(INPUT DATA Opens)
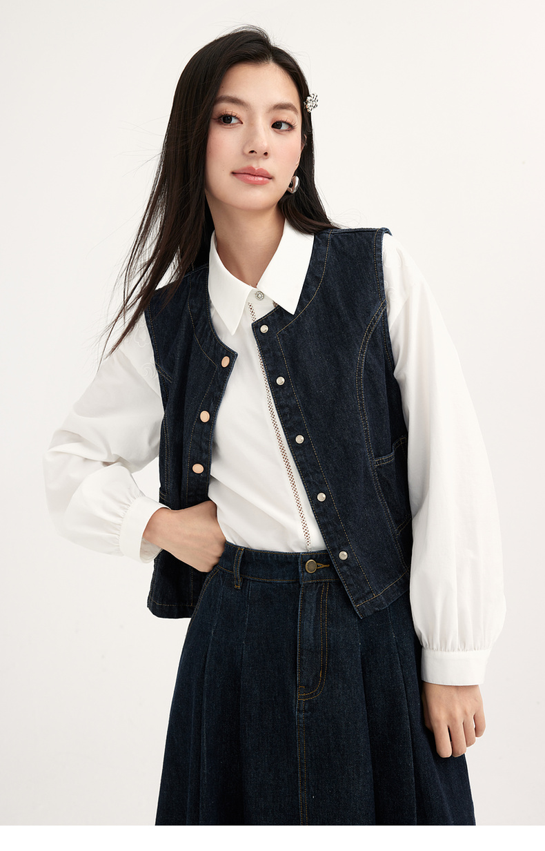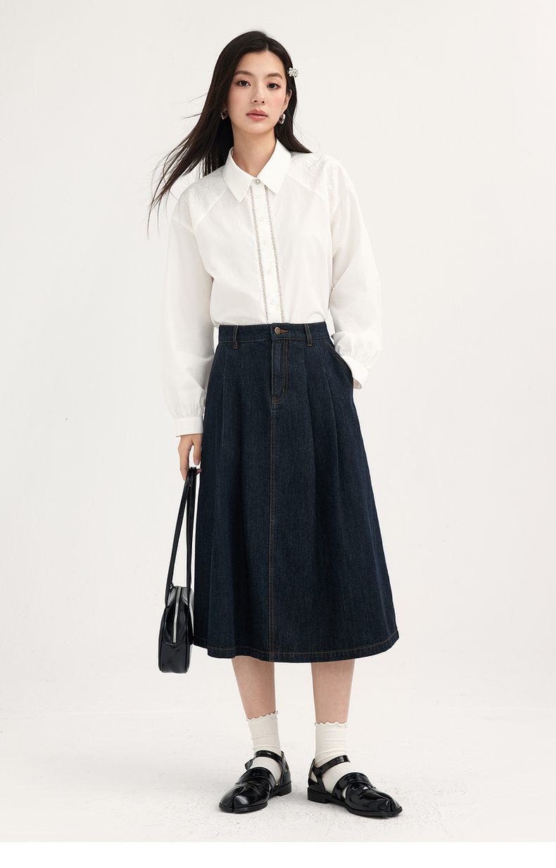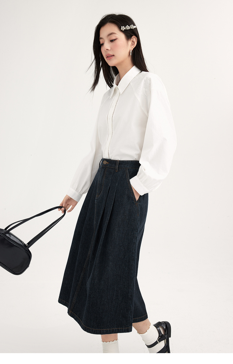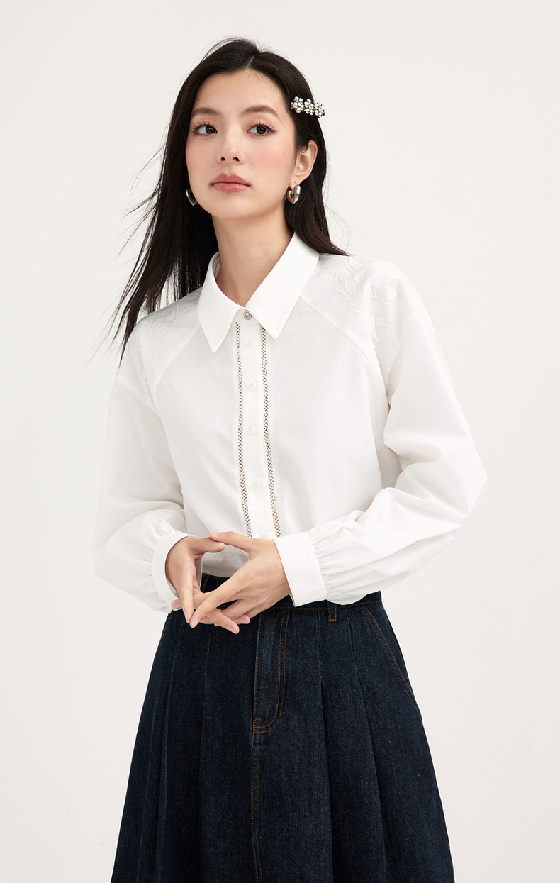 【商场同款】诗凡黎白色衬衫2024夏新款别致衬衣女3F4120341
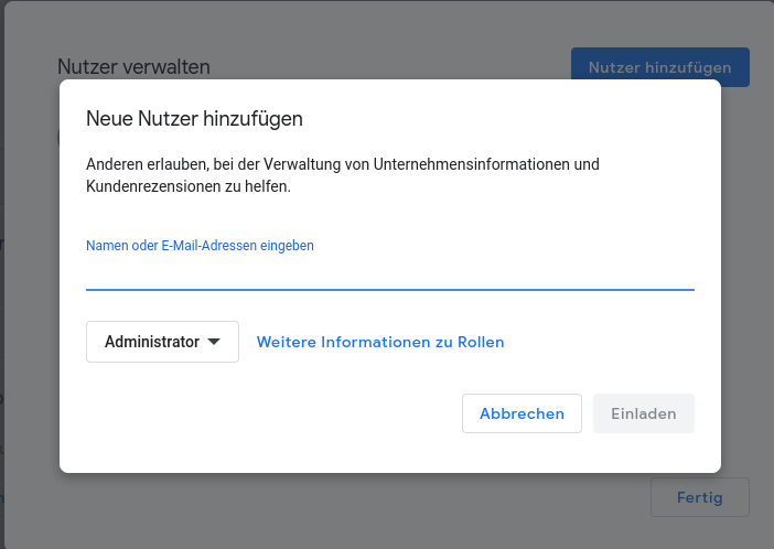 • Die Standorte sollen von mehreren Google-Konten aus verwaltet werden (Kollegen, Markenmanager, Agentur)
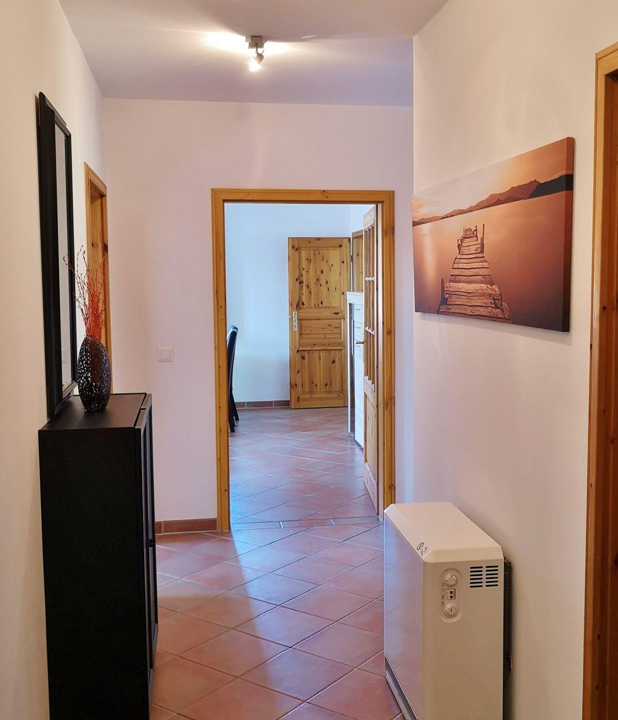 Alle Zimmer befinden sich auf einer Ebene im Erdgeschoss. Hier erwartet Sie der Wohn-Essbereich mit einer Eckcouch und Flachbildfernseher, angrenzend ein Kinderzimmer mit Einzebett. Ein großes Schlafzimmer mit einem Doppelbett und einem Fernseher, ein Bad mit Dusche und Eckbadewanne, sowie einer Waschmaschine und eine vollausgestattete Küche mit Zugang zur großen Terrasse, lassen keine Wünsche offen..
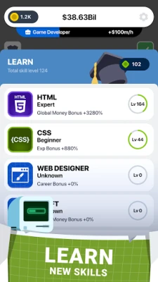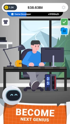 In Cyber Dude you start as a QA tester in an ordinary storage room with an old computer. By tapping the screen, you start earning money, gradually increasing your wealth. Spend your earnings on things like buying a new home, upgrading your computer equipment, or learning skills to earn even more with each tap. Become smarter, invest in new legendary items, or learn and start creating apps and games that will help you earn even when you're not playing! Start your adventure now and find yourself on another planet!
(INPUT DATA Closes)
(INPUT DATA Opens)
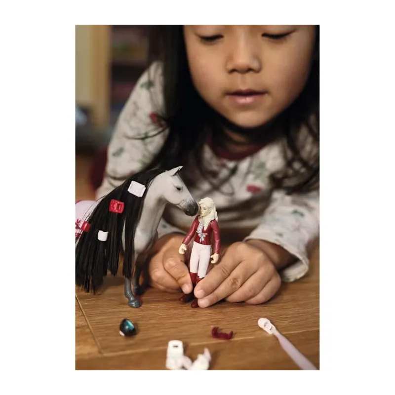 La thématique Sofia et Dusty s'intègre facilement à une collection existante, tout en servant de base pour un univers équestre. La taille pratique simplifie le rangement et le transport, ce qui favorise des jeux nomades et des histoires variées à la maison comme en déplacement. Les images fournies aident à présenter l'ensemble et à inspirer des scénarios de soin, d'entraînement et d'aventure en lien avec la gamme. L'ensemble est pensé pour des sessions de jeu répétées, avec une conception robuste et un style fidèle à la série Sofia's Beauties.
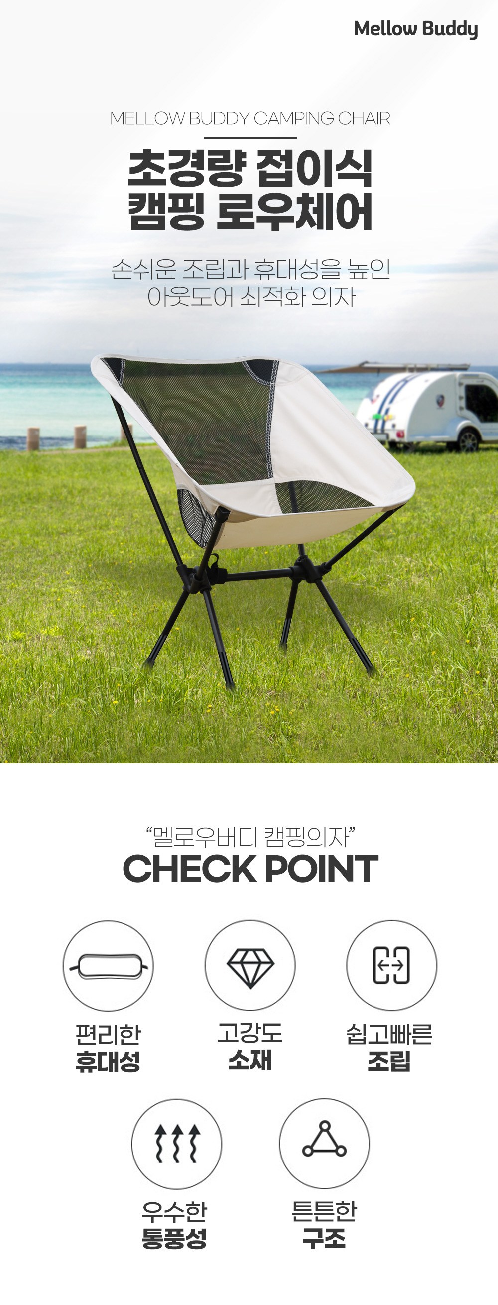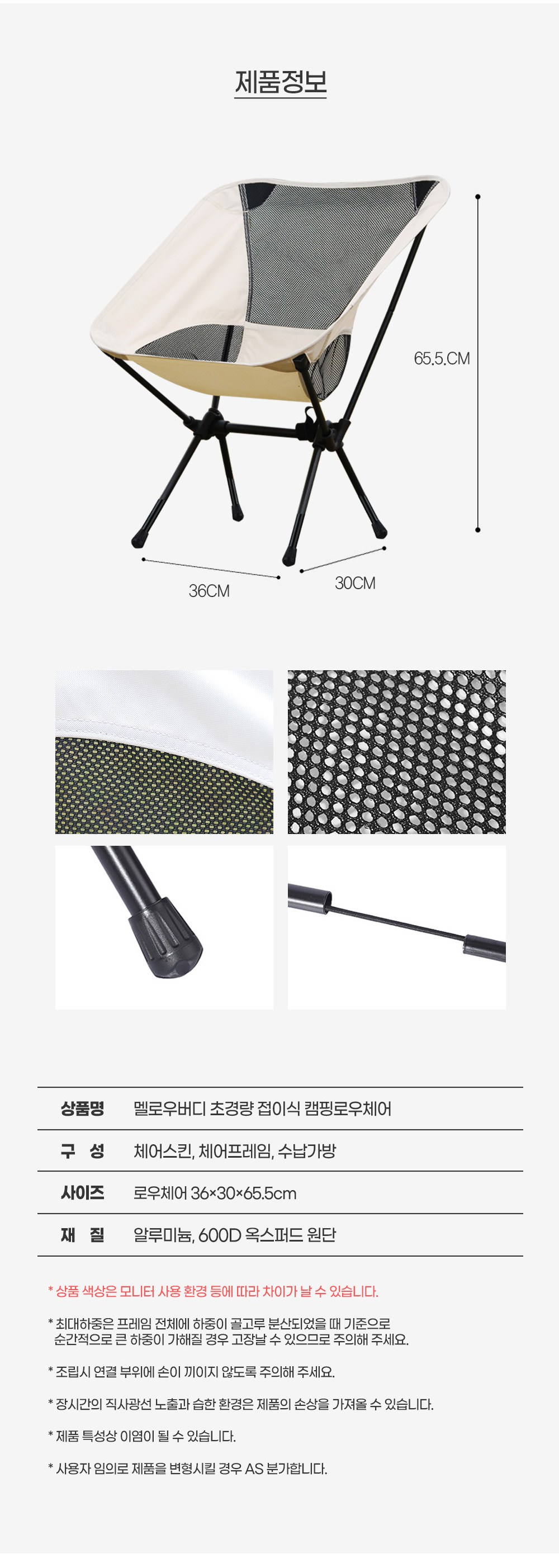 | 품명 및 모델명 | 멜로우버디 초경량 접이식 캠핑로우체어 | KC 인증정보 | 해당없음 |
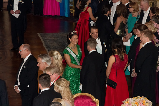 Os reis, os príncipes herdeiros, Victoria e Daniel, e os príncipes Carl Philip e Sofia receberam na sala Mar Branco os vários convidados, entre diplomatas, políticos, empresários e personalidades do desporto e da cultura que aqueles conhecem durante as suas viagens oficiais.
(INPUT DATA Closes)
(INPUT DATA Opens)
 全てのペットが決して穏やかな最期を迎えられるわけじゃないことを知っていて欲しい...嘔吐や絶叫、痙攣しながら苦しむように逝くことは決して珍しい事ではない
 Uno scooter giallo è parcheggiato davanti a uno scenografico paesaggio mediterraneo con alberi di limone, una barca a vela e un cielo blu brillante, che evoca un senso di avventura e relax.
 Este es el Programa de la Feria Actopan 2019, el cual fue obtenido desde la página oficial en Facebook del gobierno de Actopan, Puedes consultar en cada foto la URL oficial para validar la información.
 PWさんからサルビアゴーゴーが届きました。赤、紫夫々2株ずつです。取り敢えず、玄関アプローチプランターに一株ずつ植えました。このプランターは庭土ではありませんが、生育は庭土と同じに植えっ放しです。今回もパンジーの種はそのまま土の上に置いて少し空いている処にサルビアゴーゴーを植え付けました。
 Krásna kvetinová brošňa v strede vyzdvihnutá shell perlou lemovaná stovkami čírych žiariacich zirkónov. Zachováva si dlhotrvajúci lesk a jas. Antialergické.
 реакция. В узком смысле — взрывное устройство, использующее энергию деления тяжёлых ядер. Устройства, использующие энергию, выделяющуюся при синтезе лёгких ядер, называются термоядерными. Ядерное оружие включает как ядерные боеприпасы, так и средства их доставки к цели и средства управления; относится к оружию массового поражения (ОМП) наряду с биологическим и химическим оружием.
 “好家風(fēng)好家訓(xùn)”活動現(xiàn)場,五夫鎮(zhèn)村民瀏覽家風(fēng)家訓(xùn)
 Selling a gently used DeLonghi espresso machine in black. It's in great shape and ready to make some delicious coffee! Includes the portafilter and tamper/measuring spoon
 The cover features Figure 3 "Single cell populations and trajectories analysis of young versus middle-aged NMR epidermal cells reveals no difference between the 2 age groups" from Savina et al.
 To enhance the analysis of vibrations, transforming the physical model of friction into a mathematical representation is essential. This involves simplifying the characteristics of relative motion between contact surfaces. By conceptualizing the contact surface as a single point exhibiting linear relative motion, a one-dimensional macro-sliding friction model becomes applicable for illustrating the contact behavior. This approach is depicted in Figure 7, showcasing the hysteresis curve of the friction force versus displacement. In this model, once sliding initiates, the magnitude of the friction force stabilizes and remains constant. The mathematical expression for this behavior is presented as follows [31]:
(INPUT DATA Closes)
PROBLEM TO SOLVE ::
Copy, from the lines above, each one that holds "Figure".

ANSWER BELOW ::
 The cover features Figure 3 "Single cell populations and trajectories analysis of young versus middle-aged NMR epidermal cells reveals no difference between the 2 age groups" from Savina et al.
 To enhance the analysis of vibrations, transforming the physical model of friction into a mathematical representation is essential. This involves simplifying the characteristics of relative motion between contact surfaces. By conceptualizing the contact surface as a single point exhibiting linear relative motion, a one-dimensional macro-sliding friction model becomes applicable for illustrating the contact behavior. This approach is depicted in Figure 7, showcasing the hysteresis curve of the friction force versus displacement. In this model, once sliding initiates, the magnitude of the friction force stabilizes and remains constant. The mathematical expression for this behavior is presented as follows [31]:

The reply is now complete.